1. Can you tell me about the kinds of things you did in physical therapy? Did they try to make anything into a game? Did your physical therapist or assistant ever joke with you about certain things? (I want my character to have had a good relationship with their PT.)
The most of my getting stronger I done on my own. The therapy just stretched me and helped to get my spasticity under control. There was a few times that we would work on things such as balance or weight training. At first the therapist would make games out of it to help with fatigue and to get my mind off of the intense pain I was feeling. My therapist and I was constantly laughing and joking about stuff that has happened in our lives and stuff that would happen with my body during therapy.
2. What frustrated you the most in physical therapy?
Definitely the fact that they wouldn’t work on the types of things I wanted to work on. For example, they usually just stretched me but how does just stretching me help me continue to recovery more independence? It doesn’t. I use to be able to move my legs but because the therapist wouldn’t work them I can no longer move them.

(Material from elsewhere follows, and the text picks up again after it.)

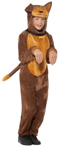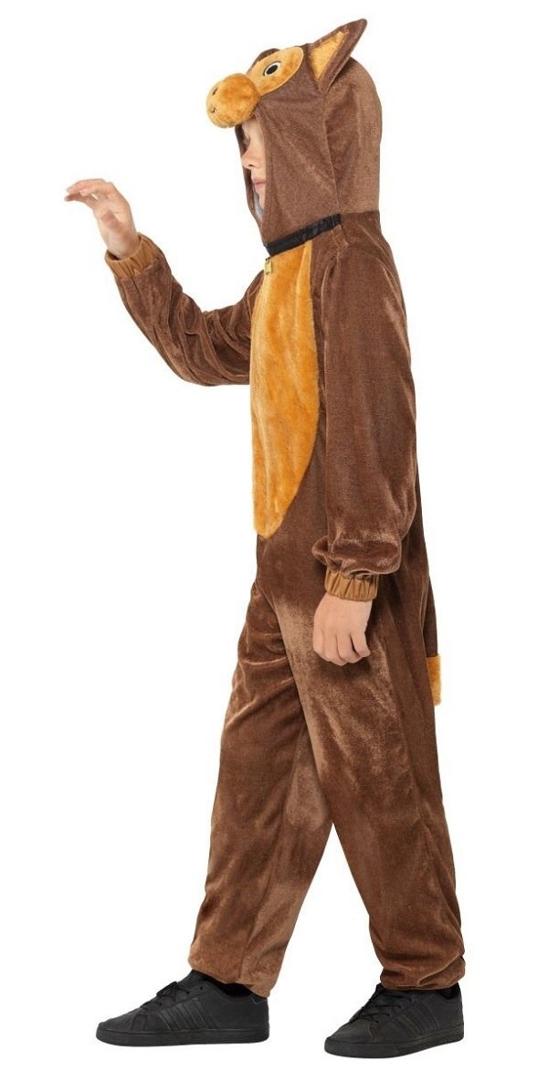 This costume includes a one piece soft brown hooded jumpsuit with a cute puppy face with tail and a collar.

3. How long did your physical therapy last? Are you still going to physical therapy?
I went to physical therapy for 7 years. I no longer go to therapy because of insurance not paying for it.
4. What were/are some of your frustrations and difficulties with your daily routine?
My frustration comes from not being able to do the things that I want such as fixing my hair a certain way or fixing my clothes a certain way. I’m able to do most of my daily care myself besides bathing, dressing, and fixing my hair. A lot of frustration comes from doing everything so slow. It takes me about three times as long as an able bodied person to do things.
5. What are some household additions/accommodations that you have and how do they work?
I have a ramp coming through both doors going outside, a hoyer to get me in and out of bed, and that’s really it as far as accommodations. I’ve learned to use things like a tiny broom with a long handled dustpan to pick up stuff I’ve dropped on the floor. I use a swifter duster to move things within my reach on the counter or knock stuff out if the cabinet I can’t reach. I have a clothes hanger with a rope to pick things up with like clothes or the broom if I dropped it. I’ve learned to adapt household items to help me anyway I can.
6. What are some difficulties that you have when going out in public?
Accessibility is the most difficult thing about going out in public. For example, a lot of stores don’t have ramps or the isle is too close together that my chair won’t fit down the isle.
7. What was your mindset like after everything happened? Thoughts? Fears?
When I woke up from my sedative I just kinda knew that I was paralyzed, no one had to tell me about my injury. I was strong, I held myself together and said that I could move my body it was just too heavy. It’s kinda like a what the crap moment? My biggest fear was will someone still love me? One of my biggest dreams is to be a wife and a mother so that was a big fear of mine. I’m now in a relationship that shows me I’m deserving of love despite the obstacles that come with my injury.